Testground my journey

Hi,

I will be documenting my journey into testground. I plan to write tests in rust lang for my app.

First step was to install docker, I did but in rootless mode (more on that later) then I installed go.

Worked fine until I tried testground daemon the command was not recognised. I asked on discord and @Jorropo helped me.

When installing go they don’t tell you to add a PATH to .bashrc

export PATH="$HOME/go/bin:$PATH"

Easy fix!

Next step was to run a test plan.

Can’t connect to docker. Docker host endpoint is wrong. Oh no!
Being not super familiar with docker I thought re-intalling docker without the rootless mode would work but it didn’t. You need rootless mode to use the docker extension in VScode anyway.

Back to .bashrc!

export DOCKER_HOST=unix:///run/user/1000/docker.sock

Did the trick since it wasn’t the default.

I was finally able to run the example but some containers errored.

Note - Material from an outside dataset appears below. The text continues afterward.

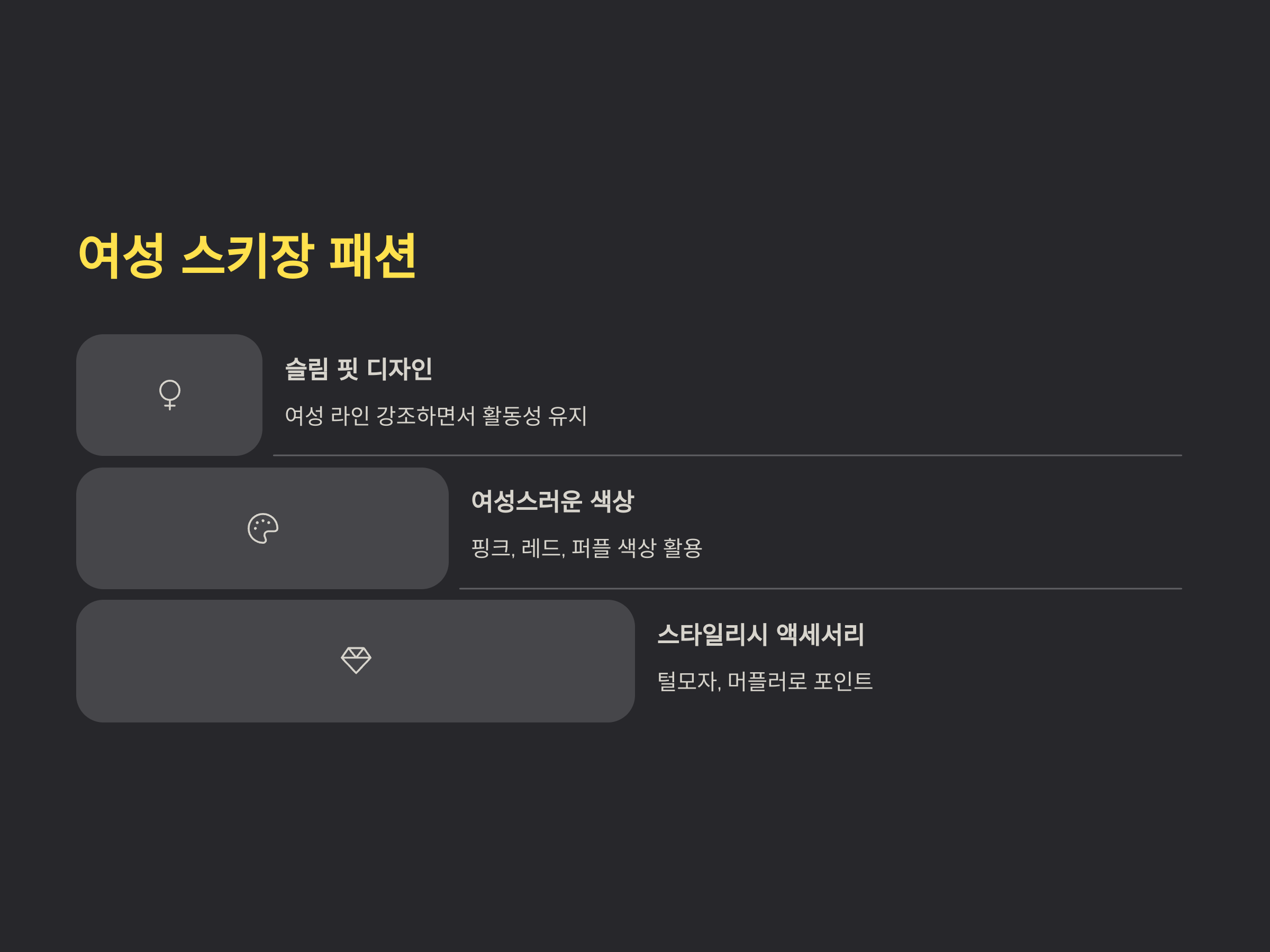 여성용 스키복에서는 특히 핑크색, 레드, 퍼플 같은 따뜻하고 여성스러운 색상이 주로 사용되며, 스키복 외에도 스타일리시한 털모자나 머플러 등 액세서리를 추가하여 멋을 한층 더할 수 있습니다. 이런 여성스러운 스키장 패션은 스타일을 중시하는 여성들에게 큰 인기를 끌 것입니다.

Jan 10 22:14:28.645340  INFO    container isn't running; starting       {"container_name": "testground-redis"}
Jan 10 22:14:29.149892  ERROR   starting container failed       {"container_name": "testground-redis", "container_name": "testground-redis", "error": "Error response from daemon: OCI runtime create failed: container_linux.go:380: starting container process caused: process_linux.go:545: container init caused: write sysctl key net.core.somaxconn: open /proc/sys/net/core/somaxconn: no such file or directory: unknown"}
Jan 10 22:14:29.153360  INFO    container isn't running; starting       {"container_name": "testground-sync-service"}
Jan 10 22:14:29.656777  ERROR   starting container failed       {"container_name": "testground-sync-service", "container_name": "testground-sync-service", "error": "Error response from daemon: OCI runtime create failed: container_linux.go:380: starting container process caused: process_linux.go:545: container init caused: write sysctl key net.core.somaxconn: open /proc/sys/net/core/somaxconn: no such file or directory: unknown"}
Jan 10 22:14:29.659622  INFO    container isn't running; starting       {"container_name": "testground-influxdb"}
Jan 10 22:14:30.002163  INFO    container isn't running; starting       {"container_name": "testground-sidecar"}
Jan 10 22:14:30.387401  ERROR   starting container failed       {"container_name": "testground-sidecar", "container_name": "testground-sidecar", "error": "Error response from daemon: OCI runtime create failed: container_linux.go:380: starting container process caused: process_linux.go:545: container init caused: rootfs_linux.go:76: mounting \"proc\" to rootfs at \"/proc\" caused: mount through procfd: operation not permitted: unknown"}
Jan 10 22:14:30.387479  ERROR   doRun returned err      {"err": "healthcheck fixes failed; aborting:\nChecks:\n- local-outputs-dir: ok; directory exists.\n- control-network: ok; network exists.\n- local-grafana: failed; container state: exited\n- local-redis: failed; container state: created\n- local-sync-service: failed; container state: created\n- local-influxdb: failed; container state: exited\n- sidecar-container: failed; container state: created\nFixes:\n- local-outputs-dir: unnecessary; \n- control-network: unnecessary; \n- local-grafana: ok; container created.\n- local-redis: failed; failed to start container.\n- local-sync-service: failed; failed to start container.\n- local-influxdb: ok; container created.\n- sidecar-container: failed; failed to start container.\n"}

I’ll see tomorrow, if I start writing my own test plans or if I try to fix this mess.

1 Like

I investigated the errors and they were related to unprivileged containers. So I decide to re-install docker again… Did my best to remove any trace of it before hand (removing DOCKER_HOST from my .bashrc too).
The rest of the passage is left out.